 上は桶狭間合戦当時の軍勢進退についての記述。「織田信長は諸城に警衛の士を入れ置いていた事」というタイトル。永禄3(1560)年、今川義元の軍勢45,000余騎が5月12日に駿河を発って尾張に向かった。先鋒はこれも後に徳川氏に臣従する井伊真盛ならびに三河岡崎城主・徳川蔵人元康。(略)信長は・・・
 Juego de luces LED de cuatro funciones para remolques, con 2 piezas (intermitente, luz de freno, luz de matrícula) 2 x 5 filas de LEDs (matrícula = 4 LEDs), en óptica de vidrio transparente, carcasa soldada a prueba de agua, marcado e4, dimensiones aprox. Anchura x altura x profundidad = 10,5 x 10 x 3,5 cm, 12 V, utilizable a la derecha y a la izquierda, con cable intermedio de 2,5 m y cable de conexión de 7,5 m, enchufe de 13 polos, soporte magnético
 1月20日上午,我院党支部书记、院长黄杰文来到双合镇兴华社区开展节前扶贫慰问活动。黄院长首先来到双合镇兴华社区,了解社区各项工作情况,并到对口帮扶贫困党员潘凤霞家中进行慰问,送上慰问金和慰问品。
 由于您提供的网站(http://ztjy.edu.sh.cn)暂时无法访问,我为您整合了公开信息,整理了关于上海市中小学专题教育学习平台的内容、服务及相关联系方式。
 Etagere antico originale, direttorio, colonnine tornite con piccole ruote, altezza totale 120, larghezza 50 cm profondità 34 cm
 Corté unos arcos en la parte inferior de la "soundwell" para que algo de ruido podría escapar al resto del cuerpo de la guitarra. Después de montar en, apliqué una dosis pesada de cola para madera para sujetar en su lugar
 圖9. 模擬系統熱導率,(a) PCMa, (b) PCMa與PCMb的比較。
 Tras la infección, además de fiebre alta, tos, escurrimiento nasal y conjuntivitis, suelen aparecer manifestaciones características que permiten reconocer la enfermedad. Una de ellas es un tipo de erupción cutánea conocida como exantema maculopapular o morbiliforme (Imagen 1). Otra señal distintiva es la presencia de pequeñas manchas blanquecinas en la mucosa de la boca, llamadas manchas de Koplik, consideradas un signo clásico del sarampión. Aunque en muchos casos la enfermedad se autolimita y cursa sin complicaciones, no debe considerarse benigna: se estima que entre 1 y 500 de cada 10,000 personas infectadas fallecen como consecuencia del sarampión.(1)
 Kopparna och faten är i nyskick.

^^^^^^^^

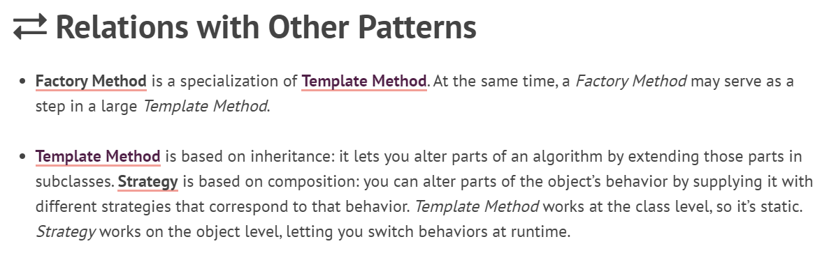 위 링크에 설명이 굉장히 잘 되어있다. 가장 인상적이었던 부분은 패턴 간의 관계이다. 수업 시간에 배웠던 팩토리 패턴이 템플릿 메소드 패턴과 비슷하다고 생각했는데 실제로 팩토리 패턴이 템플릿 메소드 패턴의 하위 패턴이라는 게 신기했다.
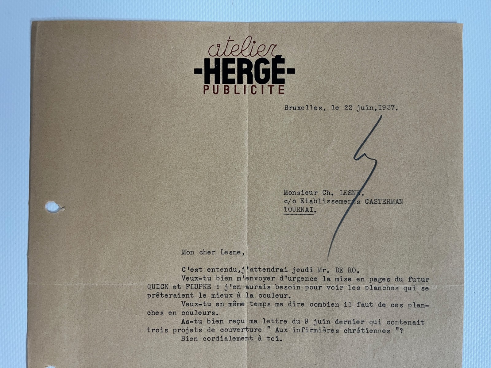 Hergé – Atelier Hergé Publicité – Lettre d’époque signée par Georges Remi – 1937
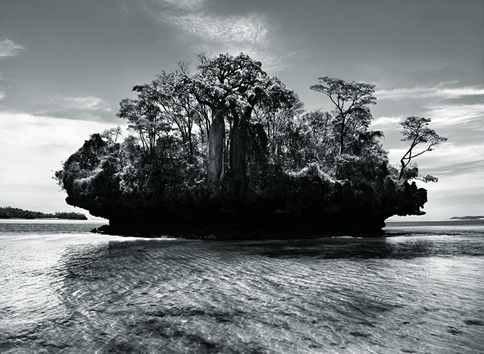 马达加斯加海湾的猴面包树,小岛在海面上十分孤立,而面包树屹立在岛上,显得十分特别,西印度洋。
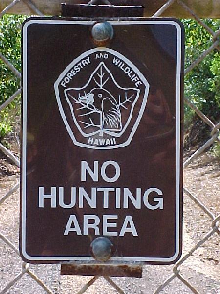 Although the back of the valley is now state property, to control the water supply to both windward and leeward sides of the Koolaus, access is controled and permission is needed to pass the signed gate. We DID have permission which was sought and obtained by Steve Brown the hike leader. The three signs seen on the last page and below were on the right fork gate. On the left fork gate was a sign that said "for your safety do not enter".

^^^^^^^^

> Exercise goal: Your task is to list each line of the records with the word "para".

> Exercise answer:
 Juego de luces LED de cuatro funciones para remolques, con 2 piezas (intermitente, luz de freno, luz de matrícula) 2 x 5 filas de LEDs (matrícula = 4 LEDs), en óptica de vidrio transparente, carcasa soldada a prueba de agua, marcado e4, dimensiones aprox. Anchura x altura x profundidad = 10,5 x 10 x 3,5 cm, 12 V, utilizable a la derecha y a la izquierda, con cable intermedio de 2,5 m y cable de conexión de 7,5 m, enchufe de 13 polos, soporte magnético
 Corté unos arcos en la parte inferior de la "soundwell" para que algo de ruido podría escapar al resto del cuerpo de la guitarra. Después de montar en, apliqué una dosis pesada de cola para madera para sujetar en su lugar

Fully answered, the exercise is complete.